» **EXERCISE DESCRIPTION**: Instruction for the listing below: copy exactly, and only, the lines from the one holding "資料圖:朝鮮15日在平壤舉行" through its last line, omitting any picture.

» **GIVEN RECORDS**:
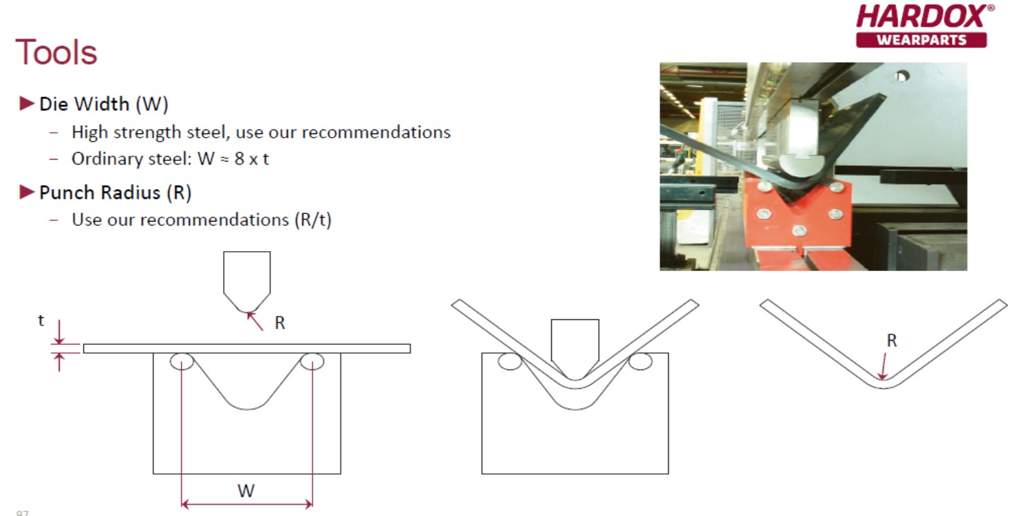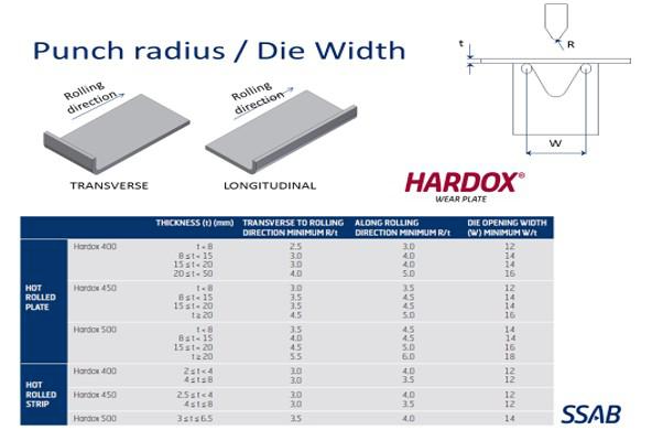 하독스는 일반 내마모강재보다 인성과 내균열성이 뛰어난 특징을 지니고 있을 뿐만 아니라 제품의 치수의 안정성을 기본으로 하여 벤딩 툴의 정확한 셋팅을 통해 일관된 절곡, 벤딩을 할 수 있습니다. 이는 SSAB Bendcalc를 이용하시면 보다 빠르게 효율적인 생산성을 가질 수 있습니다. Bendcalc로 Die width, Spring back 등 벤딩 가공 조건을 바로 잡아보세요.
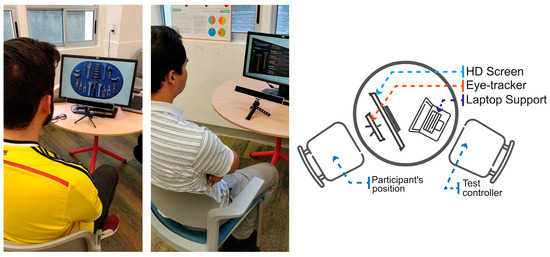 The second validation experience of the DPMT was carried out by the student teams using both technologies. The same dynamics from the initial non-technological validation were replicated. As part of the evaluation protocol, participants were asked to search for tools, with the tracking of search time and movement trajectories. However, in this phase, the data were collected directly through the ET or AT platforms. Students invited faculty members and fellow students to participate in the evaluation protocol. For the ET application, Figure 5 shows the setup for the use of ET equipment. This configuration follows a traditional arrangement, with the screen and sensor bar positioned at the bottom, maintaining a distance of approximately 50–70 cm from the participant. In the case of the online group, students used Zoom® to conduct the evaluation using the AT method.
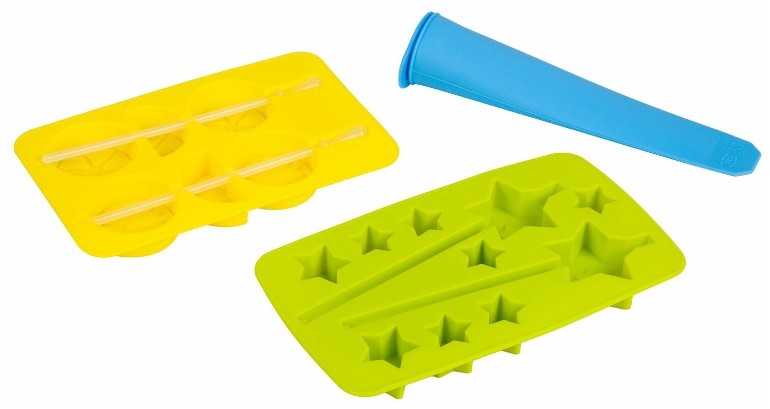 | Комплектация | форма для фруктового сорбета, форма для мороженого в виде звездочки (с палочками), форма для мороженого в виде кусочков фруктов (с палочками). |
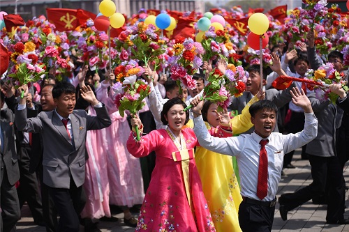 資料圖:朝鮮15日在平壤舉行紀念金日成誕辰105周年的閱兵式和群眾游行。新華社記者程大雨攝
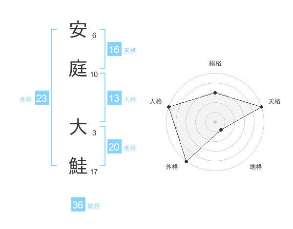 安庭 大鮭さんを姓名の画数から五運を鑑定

» **RESULT**:
 資料圖:朝鮮15日在平壤舉行紀念金日成誕辰105周年的閱兵式和群眾游行。新華社記者程大雨攝
 安庭 大鮭さんを姓名の画数から五運を鑑定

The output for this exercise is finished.